Bâtiment de style Renaissance construit de 1891 à 1892 sous le mandat du maire Alfred Chion-Ducollet. Il fut construit sur l'emplacement d'un vieil hôpital dont l'une des salles servait de mairie. Tous les blocs de pierre taillée proviennent des carrières de Versenat.. Il abrite certaines des plus anciennes archives de l'Isère avec notamment une Charte rédigée par le Dauphin datant de 1309. L'architecte Jules Besson construira aussi l'hôpital en 1907. L'ancien mécanisme de son horloge est conservé au musée Matheysin.

Le jardin de ville

En son centre, s'élève un kiosque à musique de plan hexagonal. Imaginé par Lucien Fournier, architecte municipal, cet édifice accueille régulièrement l'Harmonie Muroise et l'École de musique.

Près de la fontaine, la sculpture « Grisou » du Murois Abel Chrétien rend hommage aux victimes des mines, de Matheysine (d'où le grisou est absent) et d'ailleurs.

La Halle

Elle fut édifiée pour la première fois en 1309 suite à la « Charte des Libertés » concédant aux habitants de La Mure certains droits dont celui « des Halles ».
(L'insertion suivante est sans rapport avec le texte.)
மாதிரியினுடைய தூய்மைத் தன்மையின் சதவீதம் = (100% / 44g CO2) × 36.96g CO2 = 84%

Elle fut édifiée pour la première fois en 1309 suite à la « Charte des Libertés » concédant aux habitants de La Mure certains droits dont celui « des Halles ».
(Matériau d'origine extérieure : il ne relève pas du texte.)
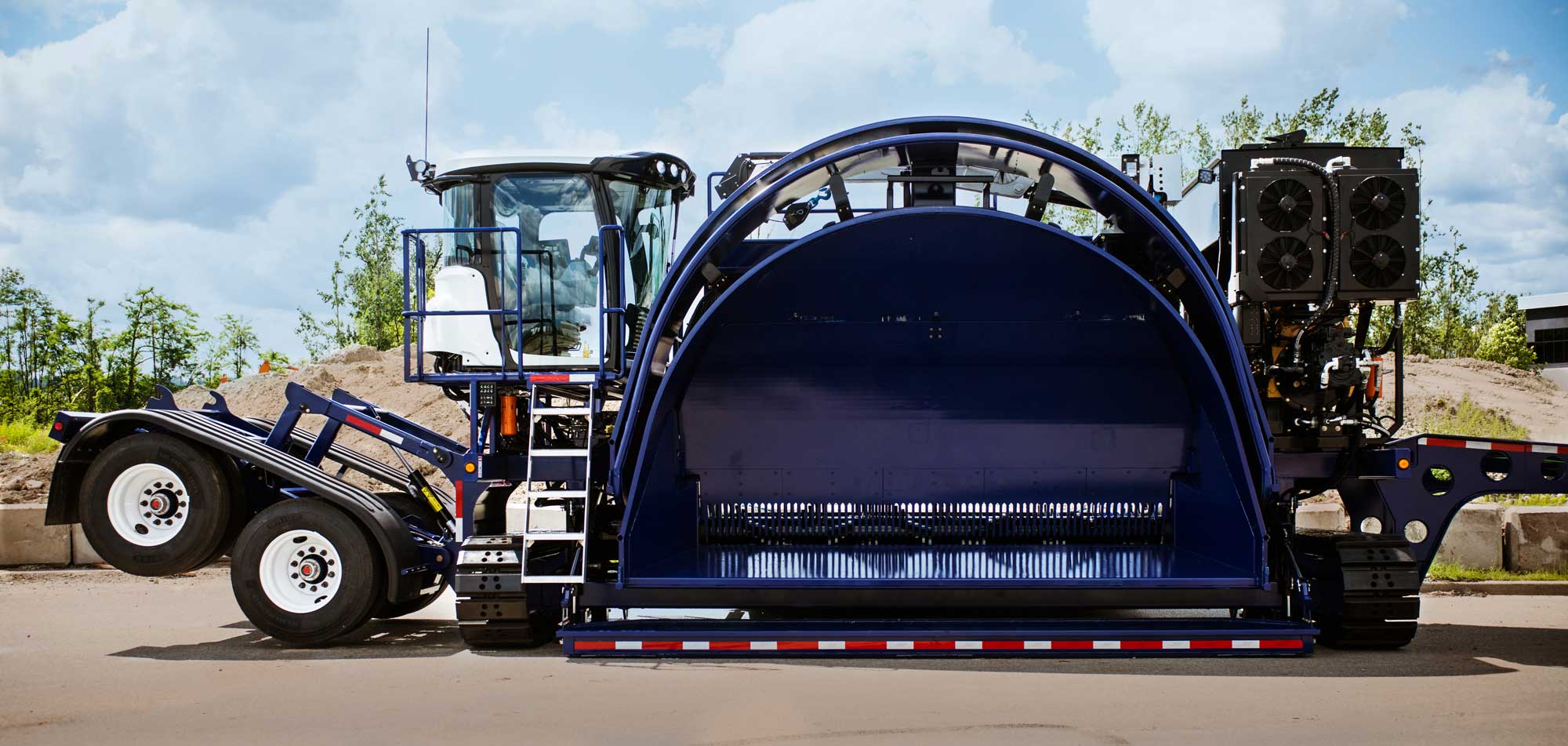 This is a 14' tunnel machine (10' & 12' machines to follow).  It is self-propelled with a Cat C15 540hp engine. 12' rotor (solid 9" wide) and feedtable with a full hydraulic drive add to the speed and efficiency of the machine. The unique tracks system gives it the best compaction ability of any bagger on the market without the need of internal cables, anchors or external backstops to compact.  A spacious and comfortable cab with simple joystick control round out the ease of operation of the machine.

Elle abritait le marché, la boucherie et la grenette (négoce du grain). Incendiée à plusieurs reprises,
elle fut toujours reconstruite au même endroit, et pour la dernière fois au 19e siècle.
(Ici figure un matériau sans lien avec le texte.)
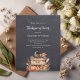 En faux rustic chalkboard som bakgrund. Dekorerad med pumpor, köksredskap, ett rustiskt trämärke med texten: Thanksgiving Feast. Anpassa och lägg till information om party. 1 lakan = 1 inbjudan tryckt kant till kant.

Aujourd'hui elle accueille tous les lundis matins une partie du marché.

Le château de Beaumont

Humbert de Comboursier, Châtelain royal de La Mure le construit après 1450. Des 4 tours à créneaux et mâchicoulis, seule la tour sud-est date de cette époque.. Sa chapelle, en cours de restauration, fut construite en 1845 quand les Soeurs de la Nativité convertissent le château en école de jeunes filles. Ce château est le dernier   des trois figurés sur le blason de la ville : avec le château delphinal voisin et le château des Combursier (école des Capucins) ont disparu. Propriété municipale depuis 1906, le château de Beaumont abrite aujourd'hui 35 logements.



L'école des Capucins

C'est la première École de Garçons créée par les moines Franciscains au XVIIe siècle sur les ruines du Château des Comboursier. Elle accueille aujourd'hui les enfants de 7 à 12 ans (école primaire).

Le lycée

Edifice de Style Néo Renaissance dessiné par Séraphin Bianchi sous la municipalité Chion-Ducollet.
Inauguré le même jour que le Chemin de fer de La Mure, le 24 juillet 1888. D'abord collège municipal de garçons, puis lycée en 1977, il propose un cycle général et technologique, ainsi qu'un cycle professionnel et une préparation au 1er degré de monitorat de ski alpin.

L'église Notre Dame
de l'Assomption

Ouverte au culte en 1900, l'église Notre Dame culminait alors à 60m. Mais son clocher fait en ciment moulé a dû être raccourci car trop fragile. Après Notre Dame de la salette, c'est le plus important monument religieux du Sud Isère.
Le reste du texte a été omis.